Текст книги "100 знаменитых загадок истории"
Автор книги: Илья Вагман
Жанр: Публицистика: прочее, Публицистика
сообщить о неприемлемом содержимом
Текущая страница: 35 (всего у книги 49 страниц)
ЯКОВ ДЖУГАШВИЛИ: ИСТОРИЯ ОДНОГО МИФА
О Якове Джугашвили вспоминают, как правило, в связи со знаменитой фразой Сталина: «Я солдата на фельдмаршала не меняю». Так, по официальной версии, ответил генералиссимус на предложение обменять плененного старшего сына на фельдмаршала Паулюса. Имя Якова Джугашвили оказалось объектом пропаганды обеих враждующих сторон. Фашисты разбрасывали над линией фронта листовки с его фотографией и призывом сдаваться в плен. Советские идеологи в ответ представили Иосифа Сталина истинным отцом народа, не пожалевшим для победы даже жизни собственного сына… Миф оказался настолько убедительным, что долгое время никто даже не пытался задать вопрос: а был ли в плену Яков Джугашвили?

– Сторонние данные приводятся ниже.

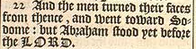22 And the men turned their faces from thence, and went toward Sodome: but Abraham stood yet before the LORD.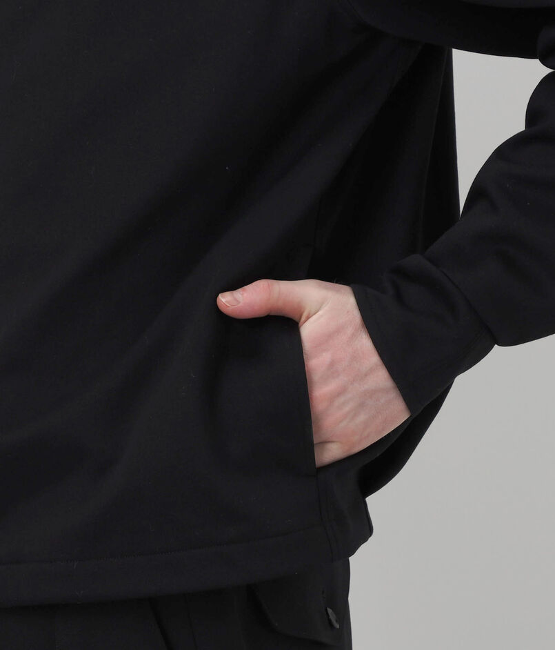 身頃バックサイドのタックが、様々なボトムスと好相性のショート丈に最適な、立体的なバランスを構築しています。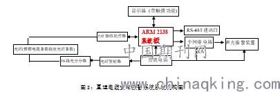 技术方案是:该系统以ARM 2138单片机为微控制处理器,由1个光纤HFBR-1414发射器连接一个16路光纤分路器与16根光纤及16个光纤HFBR-2412接收器配合使用组成一套16路光纤链路传感器。3.2寸TFT液晶显示屏输出显示每条被测电缆在线监测状态,当出现异常时单片机启动声光报警装置现场警告,同时由单片机串口通过IE608070-5-103规约与变电站通讯管理通讯。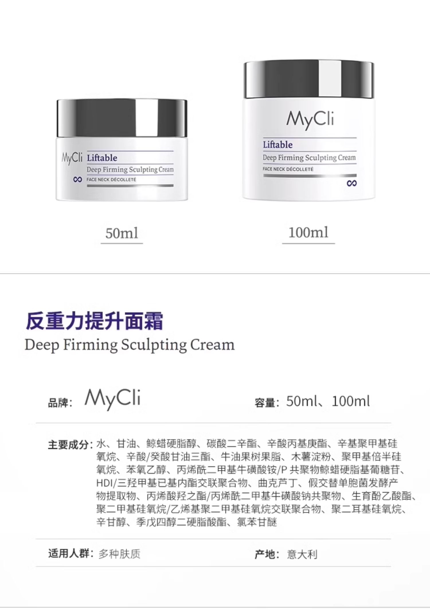 MyClI保湿面霜塑颜紧致抗皱反重力提升淡纹女生滋润提拉50ml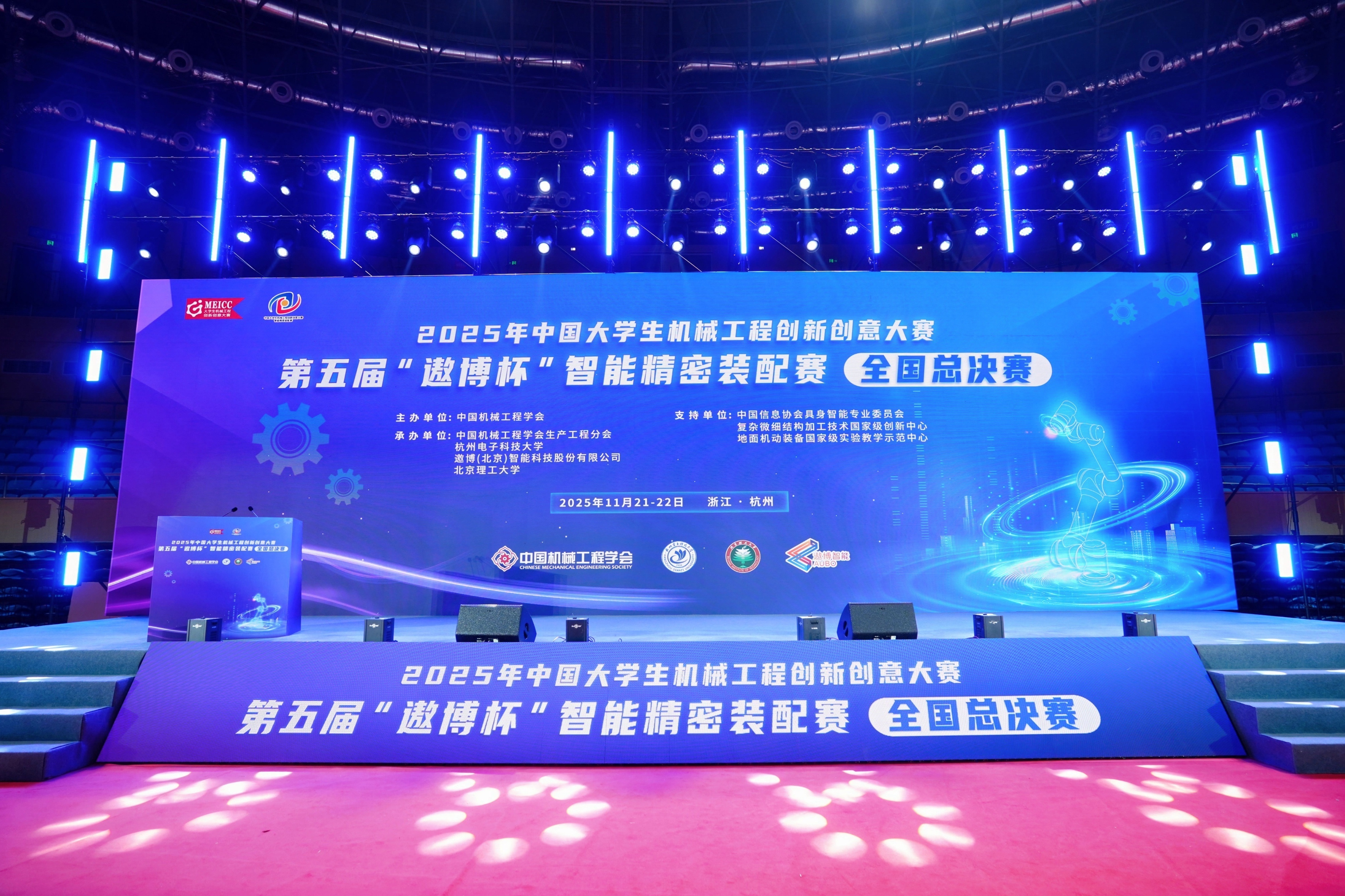 11月21日-22日,2025年中國大學(xué)生機(jī)械工程創(chuàng)新創(chuàng)意大賽第五屆“遨博杯”智能精密裝配賽全國總決賽在我校體育館圓滿落幕。本次大賽由中國機(jī)械工程學(xué)會(huì)主辦,中國機(jī)械工程學(xué)會(huì)生產(chǎn)分會(huì)、杭州電子科技大學(xué)、北京理工大學(xué)、遨博(北京)智能科技股份有限公司承辦,中國信息協(xié)會(huì)具身智能專業(yè)委員會(huì)、復(fù)雜微細(xì)結(jié)構(gòu)加工技術(shù)國家級(jí)創(chuàng)新中心、地面機(jī)動(dòng)裝備國家級(jí)實(shí)驗(yàn)教學(xué)示范中心、智能制造技術(shù)國家級(jí)實(shí)驗(yàn)教學(xué)示范中心提供支持。大賽以“培養(yǎng)創(chuàng)意思維,開拓創(chuàng)造能力,推動(dòng)產(chǎn)業(yè)升級(jí),發(fā)掘創(chuàng)新人才”為宗旨,致力于搭建一個(gè)高水平的智能裝配技術(shù)交流與展示平臺(tái)。

Яков родился задолго до того, как Иосиф Джугашвили стал единовластным правителем Советского Союза. Его мать, Екатерина Сванидзе, умерла вскоре после его рождения, а с отцом он впервые встретился (в сознательном возрасте) в 14 лет. Его растили родственники матери: сестра Александра, брат Алеша вместе со своей женой Марико и дед – Семен Сванидзе. Они старались окружить Якова вниманием и заботой, ведь он рос, по существу, круглым сиротой.
В 1921 году судьба мальчика резко изменилась. Вспомнив о старшем сыне, Сталин решил забрать Якова в Москву. В это время второй его жене, Надежде Аллилуевой, было всего 20 лет. Пасынок был всего на шесть лет младше мачехи… Впрочем, между собой они общались довольно ровно. Попав из провинции в столицу, Яков чувствовал себя очень неуютно. Он жил на диване в комнате для гостей. Из-за того что Яков почти не говорил по-русски, его успехи в школе были посредственными. Зато он быстро стал лидером в другом: побеждал во всевозможных шахматных турнирах и был одним из лучших школьных футболистов.
Красивый, стройный, подтянутый, он обращал на себя внимание одноклассниц. Кира Политковская, племянница Надежды Сергеевны Аллилуевой, хорошо запомнила это время: «Девочки все очень влюблялись в него. А у него такой был добрый характер, что он как-то не мог отказать поухаживать или там грубо отказать. У него этого не было. К нему все девушки лезли, даже не зная, что он Яков Джугашвили, особенно этого никто и не знал».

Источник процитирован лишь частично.